Acho que foi no ano passado que falei da minha relação pouco amigável com o tempo, essa questão tão agarrada a nós como uma lapa. Mas, indubitavelmente estamos escravizados pelo escoar do tempo, mesmo que por vezes façamos batota, tentamos enganar um bocadinho as coisas...vai contando e descontando da soma final.
O que mais me enerva nisto tudo é a ambiguidade que há numa coisa: geralmente, os pais dizem aos filhos adolescentes, que eles não sabem nada, que não sabem o que é melhor para eles, e que "enquanto estiveres na minha casa as coisas são como eu quero!" Mas por outro lado, as exigências da vida impõe aos cachopos de 15, 16 anos que decidam de vez aquilo que vão ser para o resto da vida. Exigir uma escolha de profissão, a área que vão escolher, mesmo que não possa escolher outras coisas, porque os pais sabem tudo.
Outro dia, com uma miúda abraçada a minha cintura, com quem conversava sobre a chegada das férias grandes...bem, deu-me que pensar por vários motivos.
Eu ia dizendo que, agora chegadas as férias, que brincasse bastante, que se divertisse o mais que pudesse, pois para o próximo ano lectivo, ela iria para o 5º ano e seria muito diferente.
"Rakel, qual é a profissão em que se ganha mais dinheiro?"
"Queres saber isso porque?"
"É para quando chegar ao fim do 9º ano, poder escolher a minha profissão...nem sei se hei de ir para um curso profissional, se hei de ir para a faculdade... não sei"
" B, mal acabaste a primária, já estás a pensar no 9º ano??? E queres saber a profissão que dá mais dinheiro??? Pois olha, agora sou eu que te pergunto: o que gostas mais de fazer?"

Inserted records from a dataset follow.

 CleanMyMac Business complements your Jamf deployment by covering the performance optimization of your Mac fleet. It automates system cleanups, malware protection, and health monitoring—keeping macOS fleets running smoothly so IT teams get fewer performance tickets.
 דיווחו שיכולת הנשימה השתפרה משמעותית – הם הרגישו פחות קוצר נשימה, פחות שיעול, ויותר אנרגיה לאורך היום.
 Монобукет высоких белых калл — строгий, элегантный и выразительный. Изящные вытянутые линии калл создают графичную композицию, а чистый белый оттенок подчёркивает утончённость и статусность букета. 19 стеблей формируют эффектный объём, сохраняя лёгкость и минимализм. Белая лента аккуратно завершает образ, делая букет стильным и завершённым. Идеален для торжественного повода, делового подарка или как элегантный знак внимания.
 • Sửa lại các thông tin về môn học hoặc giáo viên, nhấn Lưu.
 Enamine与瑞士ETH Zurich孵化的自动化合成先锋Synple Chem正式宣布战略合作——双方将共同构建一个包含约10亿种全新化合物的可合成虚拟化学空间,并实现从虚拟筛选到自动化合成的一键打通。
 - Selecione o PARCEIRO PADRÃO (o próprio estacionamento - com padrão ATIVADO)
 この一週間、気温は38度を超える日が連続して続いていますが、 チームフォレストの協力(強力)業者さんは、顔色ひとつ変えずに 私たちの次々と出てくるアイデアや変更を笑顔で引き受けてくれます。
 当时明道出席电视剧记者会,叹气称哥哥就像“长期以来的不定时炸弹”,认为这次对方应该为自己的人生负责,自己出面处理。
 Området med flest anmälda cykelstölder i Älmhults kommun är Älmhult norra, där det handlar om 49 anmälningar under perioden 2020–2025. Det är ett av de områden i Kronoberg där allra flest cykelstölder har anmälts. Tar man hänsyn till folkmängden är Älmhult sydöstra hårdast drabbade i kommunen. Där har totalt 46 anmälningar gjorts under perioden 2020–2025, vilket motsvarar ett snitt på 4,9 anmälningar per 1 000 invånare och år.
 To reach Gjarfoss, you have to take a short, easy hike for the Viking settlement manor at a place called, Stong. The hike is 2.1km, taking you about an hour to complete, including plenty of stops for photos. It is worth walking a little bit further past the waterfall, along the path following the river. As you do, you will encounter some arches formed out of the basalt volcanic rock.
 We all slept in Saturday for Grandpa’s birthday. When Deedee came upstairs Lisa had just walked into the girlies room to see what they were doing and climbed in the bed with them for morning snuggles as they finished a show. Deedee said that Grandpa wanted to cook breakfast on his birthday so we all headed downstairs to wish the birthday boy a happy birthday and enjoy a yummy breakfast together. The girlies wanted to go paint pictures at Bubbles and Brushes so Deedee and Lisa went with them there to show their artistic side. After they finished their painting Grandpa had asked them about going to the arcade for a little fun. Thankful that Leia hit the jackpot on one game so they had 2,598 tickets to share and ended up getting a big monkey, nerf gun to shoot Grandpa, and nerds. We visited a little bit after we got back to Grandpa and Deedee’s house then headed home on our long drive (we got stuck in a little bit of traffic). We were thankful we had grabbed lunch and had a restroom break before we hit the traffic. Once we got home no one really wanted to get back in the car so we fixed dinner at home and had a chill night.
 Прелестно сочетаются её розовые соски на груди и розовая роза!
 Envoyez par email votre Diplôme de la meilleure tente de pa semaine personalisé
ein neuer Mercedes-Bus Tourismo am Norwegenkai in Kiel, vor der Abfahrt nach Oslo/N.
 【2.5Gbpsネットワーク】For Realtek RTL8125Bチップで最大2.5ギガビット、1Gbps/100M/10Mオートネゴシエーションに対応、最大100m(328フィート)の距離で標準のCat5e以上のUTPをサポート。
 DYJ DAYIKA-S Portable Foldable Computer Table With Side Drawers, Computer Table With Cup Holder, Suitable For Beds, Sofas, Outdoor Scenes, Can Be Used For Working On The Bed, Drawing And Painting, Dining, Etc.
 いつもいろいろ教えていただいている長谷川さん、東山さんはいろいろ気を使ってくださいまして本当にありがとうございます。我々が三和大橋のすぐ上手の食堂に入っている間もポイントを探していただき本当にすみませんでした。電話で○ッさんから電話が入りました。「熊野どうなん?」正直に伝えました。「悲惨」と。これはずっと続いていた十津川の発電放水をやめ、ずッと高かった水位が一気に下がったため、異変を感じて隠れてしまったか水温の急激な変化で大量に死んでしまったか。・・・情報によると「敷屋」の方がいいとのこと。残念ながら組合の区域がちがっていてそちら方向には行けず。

Ela deu de ombros, como quem diz "sei lá eu bem"... Uma menina de 9 anos de idade, preocupada com a questão profissional, quando deveria estar a viver a infância dela, guardar boas recordações, para depois sim, com cabecita e algum conhecimento do mundo, escolher aquilo que há de ser a sua profissão. Aos 9 anos preocupada em pensar se vai para um curso profissional ou faculdade, ganhar dinheiro é sinónimo de sucesso e bem estar... caraças...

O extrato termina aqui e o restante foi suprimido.